40 Jahre Mondlandung, 40 Jahre Woodstock, alle paar Tage irgendetwas mit 20 Jahre Ende der DDR und heute nun gleich zwei Jahrestage auf einmal: vor 60 Jahren wurde der erste Bundestag gewählt und vor 25 Jahren (ein viertel Jahrhundert!) wurde zum ersten Mal die Postpeitzahl einer Ruhrgebietsstadt in den Schallplattenläden bekanntgegeben: “4630 Bochum” von Herbert Grönemeyer erschien.
Wozu brauchen wir eigentlich Jubiläen, warum begehen wir, mal staatstragend gewaltig, mal musikhörend besinnlich, Jahrestage. Da ich im Moment wieder viel Heidegger lese, kam mir als erste Antwort in den Sinn: Im Jahrestag kommen Sein und Zeit zusammen.
Einen Jahrestag begehen heißt, sich zu fragen, ob das Ereignis, dessen man gedenkt, in der Gegenwart noch präsent ist, ob es noch Bedeutung hat – ob es im heutigen noch existiert. Umso seltener ein Jahrestag begangen wird, desto mehr verblasst, das Ereignis.
Gleichzeitig wird im Jahrestag die Zeit und mit ihr die Bedeutung des Ereignisses überhaupt bewusst. Gerade bei Ereignissen, die noch große Strahlkraft haben, wird durch die Zeit, die vergangen ist, die Größe dessen, was da geschehen ist, deutlich.
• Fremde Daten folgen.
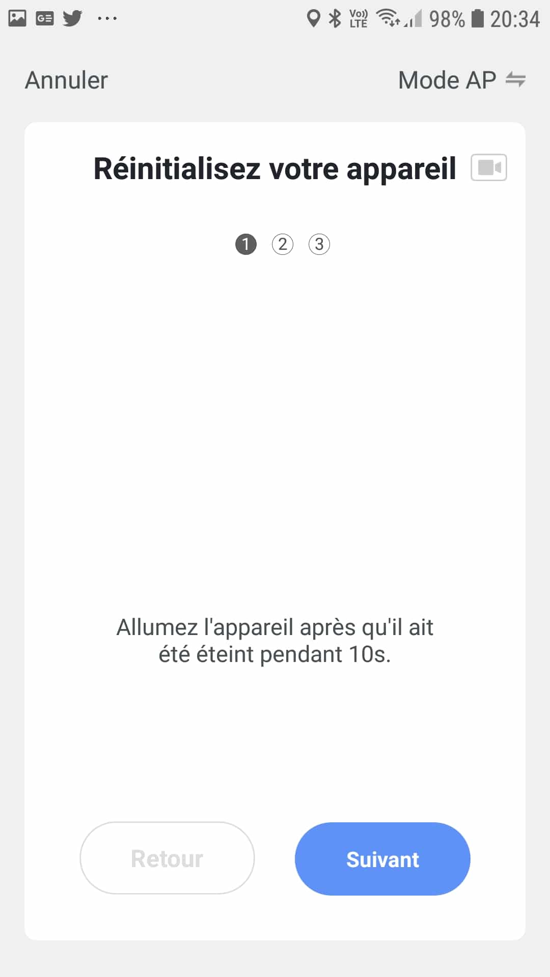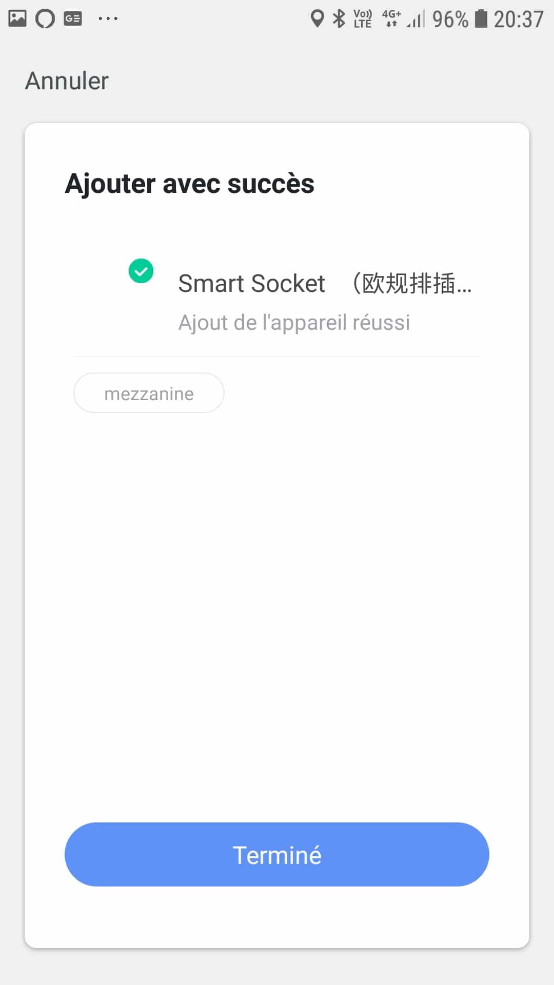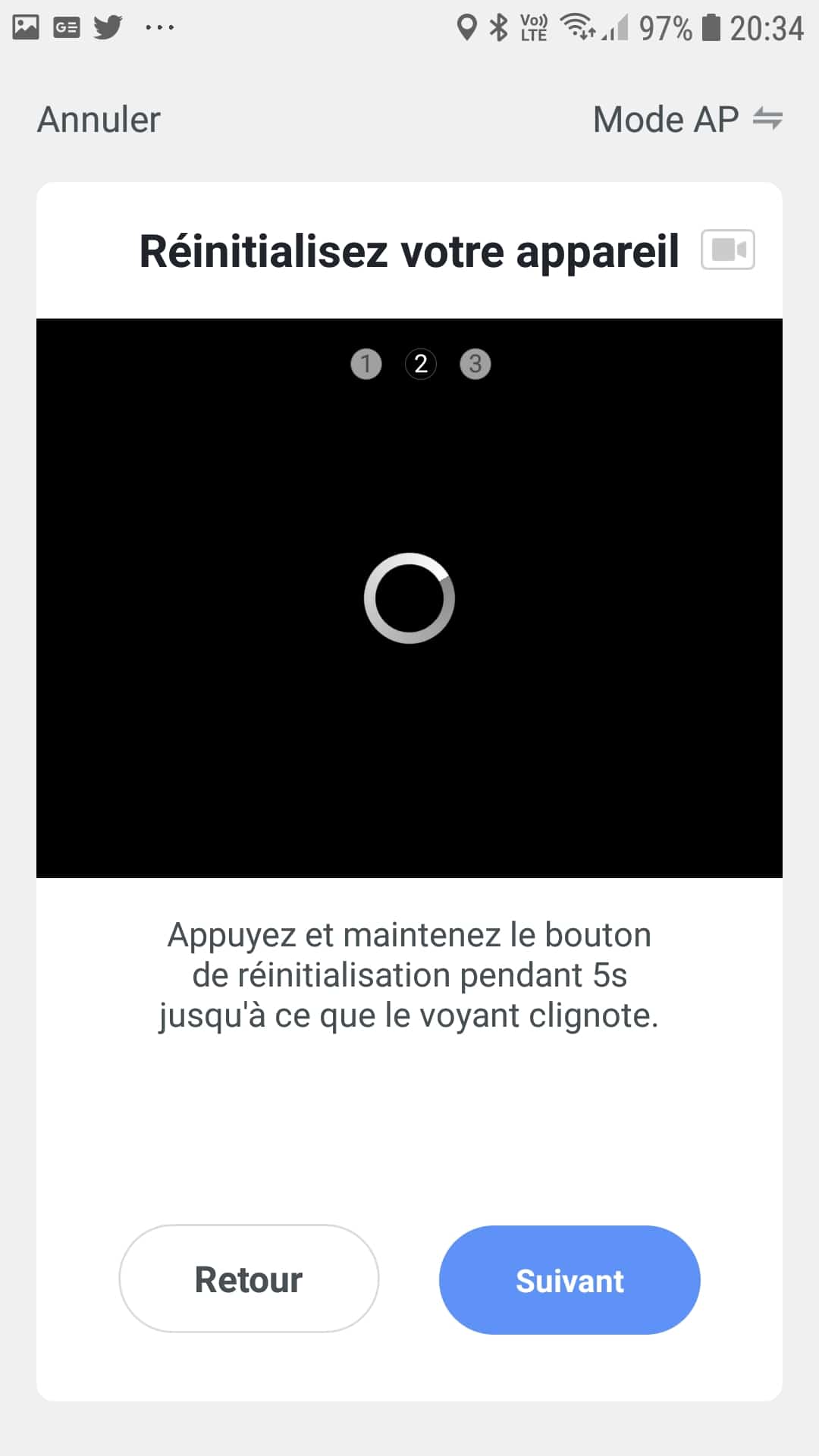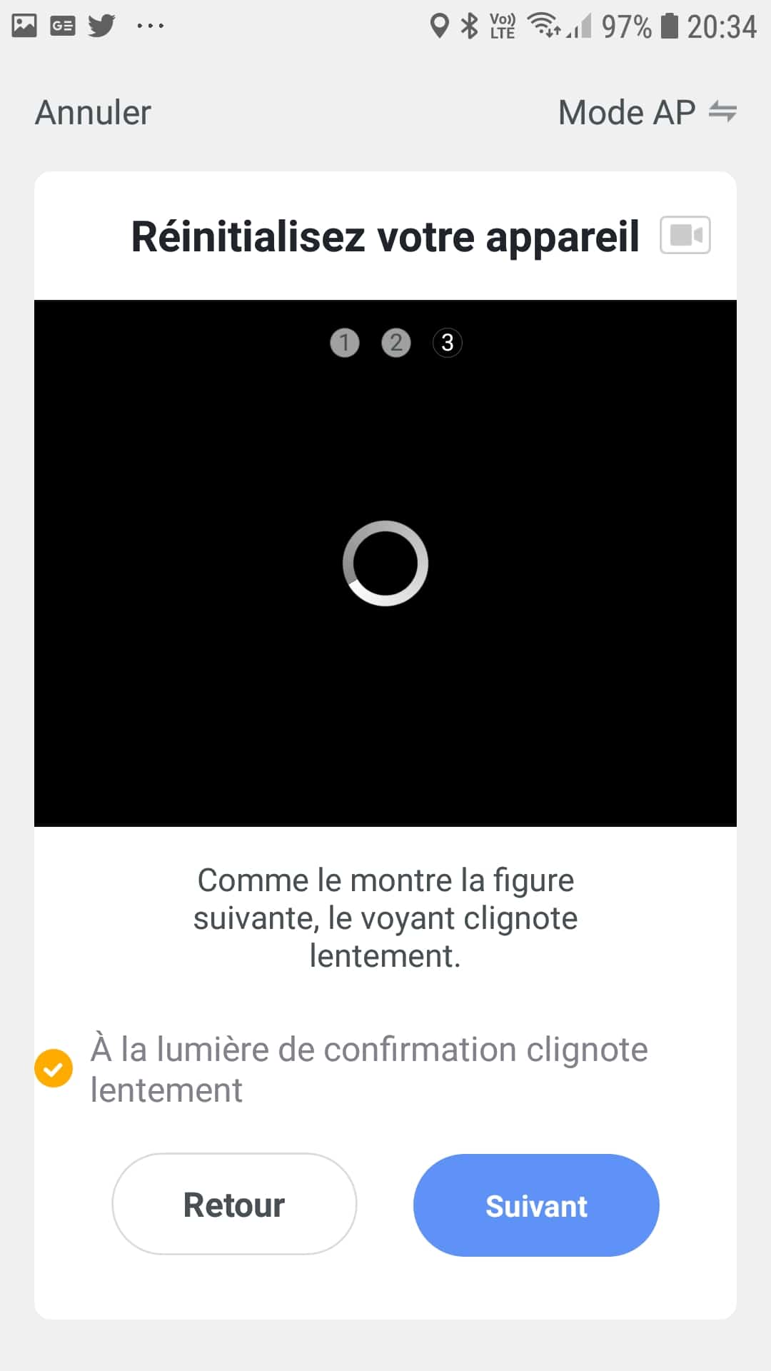 En cliquant sur suivant, l’application nous invite à réinitialiser l’appareil. La mise en tension de celle-ci devrait la mettre en mode appairage d’emblée, sinon il faut simplement débrancher et rebrancher la prise en ayant attendu une dizaine de seconde entre deux. Une fois remise sous alimentation électrique, un simple appui sur le bouton ON/OFF de la multiprise jusqu’à ce que celle-ci clignote lentement enclenche la procédure. La nouvelle version de l’application Smart Life, demande d’ailleurs une confirmation avant de poursuivre. Si le bouton clignote comme demandé, il suffit de cocher la petite case prévue à cet effet. Attention, ça ne prend pas toujours du premier coup la coche mais quelques tentatives de clic pour que celle ci soit prise en compte devrait suffire..

Wie lange sind die Ereignisse an der ungarisch-östereichischen Grenze und in der Prager Botschaft nun schon her, aber wie nahe scheinen sie noch. Der Satz von dem kleinen Schritt für einen Menschen, der ein großer Sprung für die Menschheit ist, schien mir, als die DDR unterging, sehr lange her zu sein, aber nun liegen zwischen, dem Satz Genschers auf dem Balkon der Prager Botschaft, der im Jubel unterging und dem Moment in dem ich diesen Satz schreibe, ebensoviel Zeit.
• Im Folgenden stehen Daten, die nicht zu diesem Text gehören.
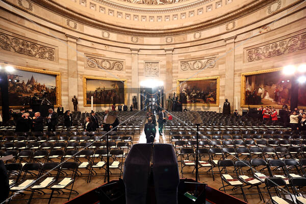 Staff prepare for the inauguration of U.S. President-elect Donald Trump in the U.S. Capitol Rotunda on January 20, 2025 in Washington, DC. Donald Trump takes office for his second term as the 47th president of the United States

Jahrestage bringen so ganz verschiedene historische Ereignisse auch plötzlich in einen Zusammenhang. Woodstock und Mondlandung werden zu zwei Charakteristika des gleichen Moments. Grönemeyers Hymne über die Männer, die Raketen bauen und alles ganz genau machen, und Gorbatschows Perestroika geraten gleichzeitig in den Blick. Man merkt im Jahrestag auch, was Gleichzeitigkeit bedeutet, aber man sieht es erst aus der Ferne.
Heute wird viel und gern von historischen Momenten geredet, meist von Leuten, die sich gern in Geschichtsbücher einschreiben würden. Ob das, wovon sie reden, wirklich dieser Rede wert ist, zeigt sich erst im Jubiläum.